Encoding Mouse V1 with Vision Transformers
Can frozen or fine-tuned Vision Transformers replace task-optimized CNNs for predicting neural responses in mouse primary visual cortex? A follow-up to the minimodel paper.
Motivation
The minimodel paper established that compact two-layer CNN “minimodels” explain ~70% of neural variance in mouse and monkey V1. A natural follow-up is to ask: can Vision Transformers (ViTs) serve as an equally good — or better — backbone for encoding V1 responses? ViTs are now state-of-the-art on many vision benchmarks and their self-supervised variants (DINO) produce rich, invariant representations. However, their patch-based processing differs fundamentally from the strided convolutions of CNNs, which may matter for neurons with highly localized receptive fields.
Setup
Input preprocessing - 66×264 grayscale images → resized to 64×128, converted to pseudo-RGB, normalized with ImageNet statistics
Backbone - ViT-S/16 (384-dim, ~21M parameters) and ViT-B/16 (768-dim, ~86M parameters), initialized from DINOv2 weights - Features extracted from any of the 12 transformer blocks; both CLS tokens and patch tokens evaluated
Readout - The same minimodel readout from the original paper: separable spatial weights over the patch grid combined with a learned channel mixture — one model per neuron, mirroring the CNN architecture
Training conditions compared - Frozen backbone (no gradient flow to ViT) - Fine-tuning last 2 blocks - Fine-tuning last 4 blocks - Full fine-tuning
Results
Effect of fine-tuning: frozen vs. last 2 blocks fine-tuned (ViT-S/16)

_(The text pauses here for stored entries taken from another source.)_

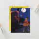 Ilustração vintage de design de feriado de Halloween apresentando uma bruxa assustadora segurando um cabo de vassoura. Ela está assustando uma pequena criança segurando uma abóbora jack-o-lantern assustadora. Uma lua cheia está no céu noturno na véspera de todos os santos.
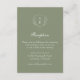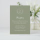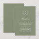 Esta simples e moderna carta de núpcias apresenta crista branca, folhas e texto em um fundo verde sábio. A parte de trás do cartão é verde-sábio. Esta é parte da coleção Simple Crest & Leaves.
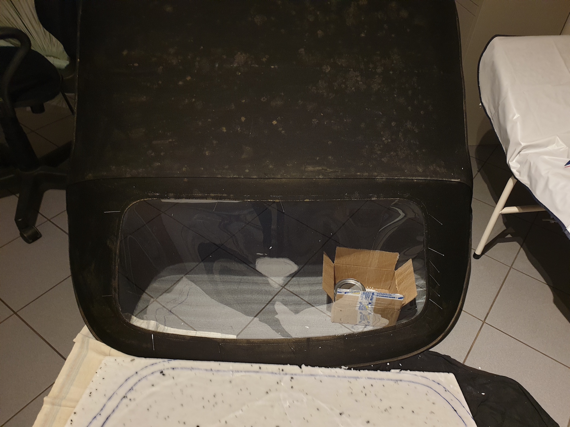 Udało się przykręcić fotel, jeszcze bez składania podłogi. Wsadziłem ręcznik papierowy tam gdzie ciekło i zrobiłem tak 10km.
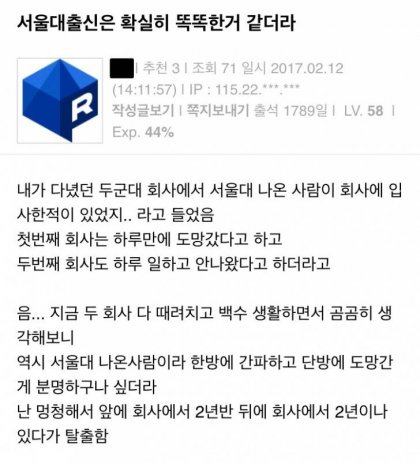 입사하고 하루면 참을성이나 끈기가 요구될 만한 일을 제대로 시키지도 않는데 도망갔다는 건
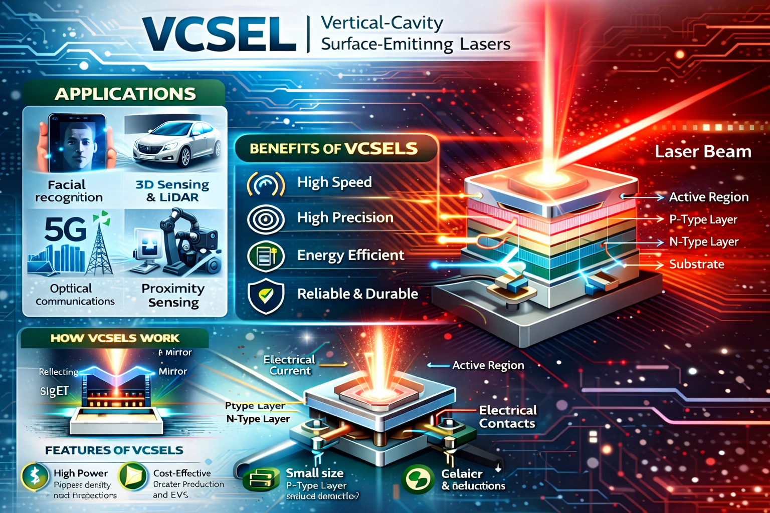 Vertical cavity surface emitting lasers (VCSELs) are primarily used in data communication, optical communications, and consumer electronics. They are critical in enabling short-range optical transmitters and 3D sensing applications, especially in smartphones and autonomous vehicles.
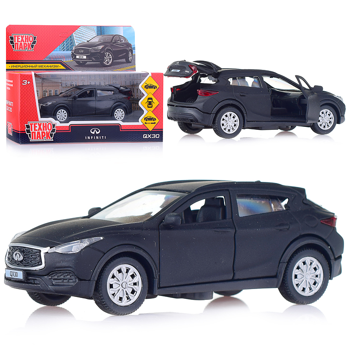 Машина металл Infiniti QX30 матовый 12см, (открыв.двери, черный) инерц, в коробке
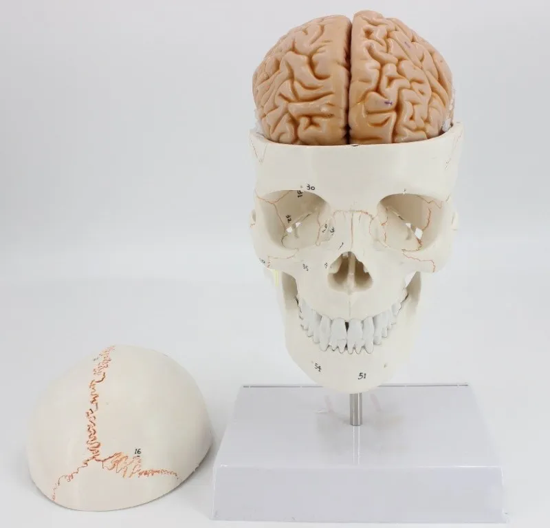 structure of the brain and digital signs. The cranial model can be disassembled and assembled from the flexible cervical spine. It also
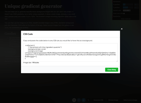 另一大特色是:Unique Gradient Generator 不会产生冗长的 CSS 程序代码!网站生成的原始码非常精简,使用 base64 编码,只有几 bytes 大小。如果你是网站开发者,想要一个简单又不会过于单调的背景图,这是不可多得的好工具。
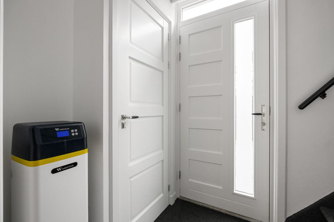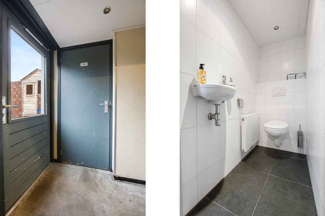 Aan de achterzijde van de woning is nog een achter entree met toegang tot het toilet en vaste kast voor jassen, schoen etc.
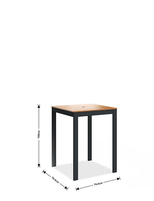 This Porto high bar-style table and chairs set is a great way to enjoy al fresco dining with friends and family. The set includes a metallic designed table and four matching chairs that feature a powder coating for a protective finish.
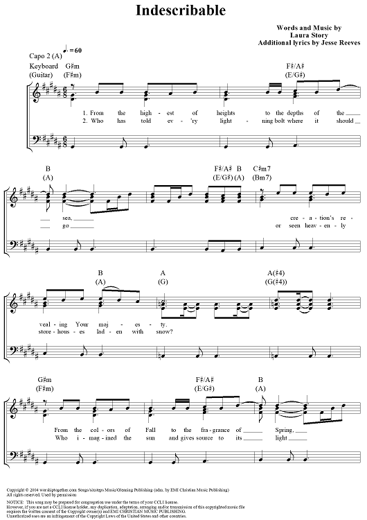 Digital Sheet Music for Indescribable by Jesse Reeves, Laura Story scored for Piano/Vocal/Chords; id:320937

Best-block FEVE across all fine-tuning conditions

| Model | Fine-tuning | Best block | FEVE |
|---|---|---|---|
| CNN fullmodel (baseline) | Full | — | 0.6654 |
| ViT-S/16 | Frozen | 4 | 0.32 |
| ViT-S/16 | Last 2 blocks | 3–4 | ~0.52 |
| ViT-S/16 | Last 4 blocks | 3–4 | 0.5449 |
| ViT-B/16 | Frozen | — | > ViT-S frozen |
| ViT-B/16 | Full fine-tune | — | slightly < ViT-S fine-tuned |
FEVE (Fraction of Explainable Variance Explained) is the primary metric, normalized by the noise ceiling estimated from repeated stimulus presentations.
ViT-S vs. ViT-B: frozen and fine-tuned

Key findings
- Fine-tuning is essential. Frozen ViT-S/16 reaches only FEVE = 0.32; fine-tuning the last 4 blocks pushes this to 0.5449 — a 70% gain.
- Smaller models adapt more efficiently. ViT-B/16 surpasses ViT-S/16 in the frozen regime but is slightly worse after full fine-tuning, suggesting that larger models have more parameters to overfit on the limited neural dataset.
- CNNs still lead. The task-optimized CNN fullmodel (FEVE = 0.6654) outperforms all ViT variants, with the gap largest in deeper fine-tuning conditions.
- Spatial resolution is the bottleneck. A 16×16 patch stride on a 64×128 input produces only a 4×8 patch grid — far coarser than CNN feature maps. V1 neurons with precise spatial tuning cannot be well-described by such a grid, which likely explains most of the remaining gap.
Discussion
These results suggest that ViTs are not yet a drop-in replacement for CNNs in V1 encoding models, primarily because of spatial resolution constraints. Future directions include: (1) smaller patch sizes (e.g., ViT/8 or ViT/4); (2) multi-scale or hierarchical ViT variants (e.g., Swin Transformer); (3) combined CNN-ViT architectures that leverage both local and global processing.